# Crown Tundra



## Figment (Oct 24, 2020)

So, now that the Crown Tundra has been out for a day now, I would like to see your thoughts on it, tbh, it was fine, it definitely feels like Sword and Shield are at the very least complete games at this point now. I will just spoiler the rest of my talking.


Spoiler



1. The way you get Spiritomb is a great callback to Gen 4, even though people without Switch Online will not like it one bit.
2. The plot with Calyrex was actually kinda cool, not gonna lie.
3. I liked the fact that you could get the Swords of Justice and Keldeo now as an optional sidequest similar to the Alolan Diglett quest from the Isle of Armor.
4. I still would honestly like a bit more of my favorite Pokemon to be added back in, thankfully, the large majority are in, so that's good, the main problem I see is that why would you only add just the Hoenn starters?

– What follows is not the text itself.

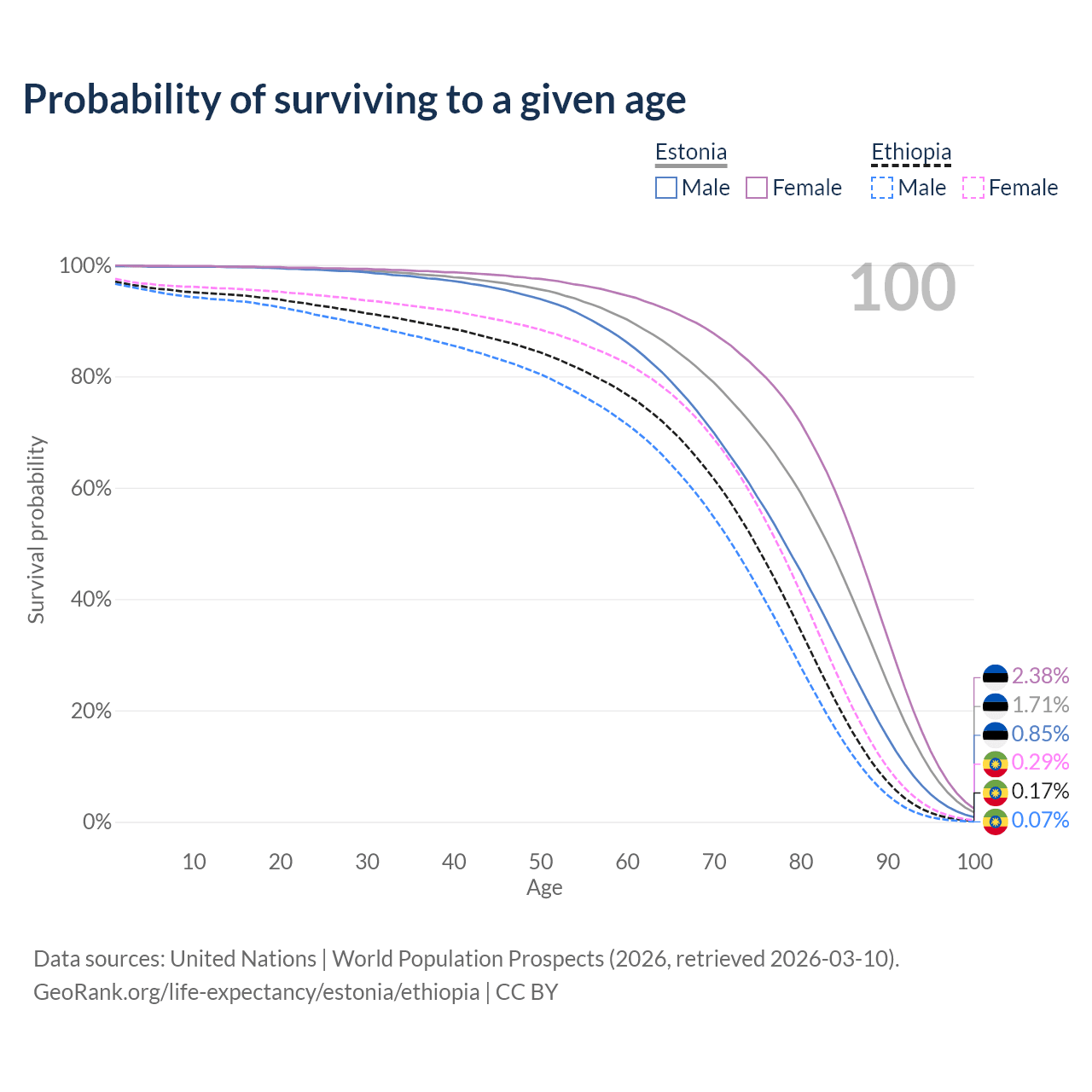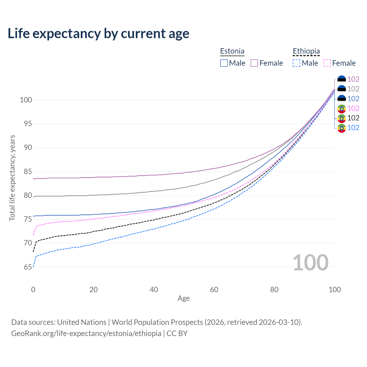 This life expectancy calculator shows the odds of living to 100, 95, 90, and below based on current age for both males and females in Estonia and Ethiopia, along with mean and median age of death. The calculations are based on the 2026 life tables (actuarial tables) from the UN World Population Prospects.

Dynamax Adventures could've been a really good place to add every other starter as well, I know that may be asking a lot for an extra 36 Pokemon, but those Pokemon are the most likely to be someone's favorite, as they are literally the first Pokemon you ever own, you're bound to grow attached to them.
5. The new legendaries are pretty cool, not gonna lie, and, as always with Pokemon, the new music is great.
6. Game Freak knew what they were doing with the fight with Peony at the beginning of the Crown Tundra story. You can't say "the more ultra-MEGA determined it gets!", while sending out an Aggron as your ace Pokemon, and have us not expect Megas are coming back.


----------



## Kung Fu Ferret (Oct 24, 2020)

Yesterday I caught a shiny Kantonian Moltres in my second ever raid Adventure


----------



## Hydreigon25 (Oct 24, 2020)

is it worth buying the expansion pass for the crown tundra ?


----------



## Kung Fu Ferret (Oct 24, 2020)

Hydreigon25 said:


> is it worth buying the expansion pass for the crown tundra ?


Absolutely


----------



## IndigoClaudia (Oct 25, 2020)

Crown tundra is really fun. A bit short, but a lovely adventure nonetheless


----------



## Kung Fu Ferret (Oct 25, 2020)

I got a shiny Drednaw after a failed attempt on Zygarde


----------



## IndigoClaudia (Oct 26, 2020)

I'm shiny hunting for Tapu Koko/Zygarde/Any other cool legendary


----------



## Stryke (Oct 27, 2020)

I found a shiny Claydol by chance that used Explosion on me


----------



## Zero Moment (Oct 27, 2020)

Stryke said:


> I found a shiny Claydol by chance that used Explosion on me


big fucking F my dude


----------



## IndigoClaudia (Jan 15, 2021)

I got shiny tapu koko at last ;__;


----------